Student thesis: Doctoral Thesis

Abstract

To learn kinaesthetically how to grasp or manipulate objects, a key part is to understand the mechanisms involved in the performance of movements of the digits. A human being has an elaborate system that involves the brain sending electrical signals to the skeletal muscles of the body which activate the fibres of the muscles in the body and flexion, or extension of the limb can be performed. These electrical signals allow a researcher to extract the intentions of the human in such skills as grasping or object manipulation and use the biological data to train contemporary neural network algorithms to classify the electrical signals extracted during the movements and potentially design a novel system of control.

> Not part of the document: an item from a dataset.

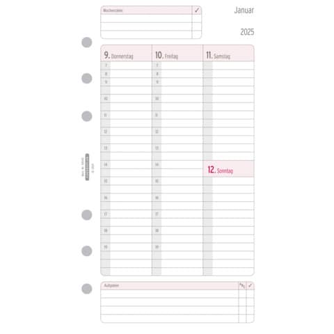 Kalendarium Wochenplan Midi 2025. Verwendung für Produkt: Chronoplan. Typbezeichnung: Midi. Verwendung für Kalenderjahr: 2025. Blattgröße (B x H) und Lochung: 96 mm, 172 mm, 6-Ring-Lochung. Packungsinhalt/Kalendarium: Vertikale Ausrichtung inkl. Jahresplan und zusätzliche Informationen, Formualare 80g/m² Papier, Jahresplan 120 m² Papier/Wochenpläne inkl. Jahresplan.

 This thesis presents a comprehensive exploration of the potential of the utilisation of the myoelectric signals captured from the surface of a human’s skin above a muscle while it is being activated to generate a movement. A popular technique known as surface electromyography (sEMG), has been employed in this thesis. sEMG is a non-invasive method of measuring the electrical activity of the muscles. Using sEMG signals and recurrent neural networks (RNNs) are demonstrated to perform the classification of finger movements and grasps with accuracies of 90% and above. This thesis employs a low-cost wearable sensor that allows for raw sEMG data to be extracted in real world environments and allow for more realistic experiments to be carried out.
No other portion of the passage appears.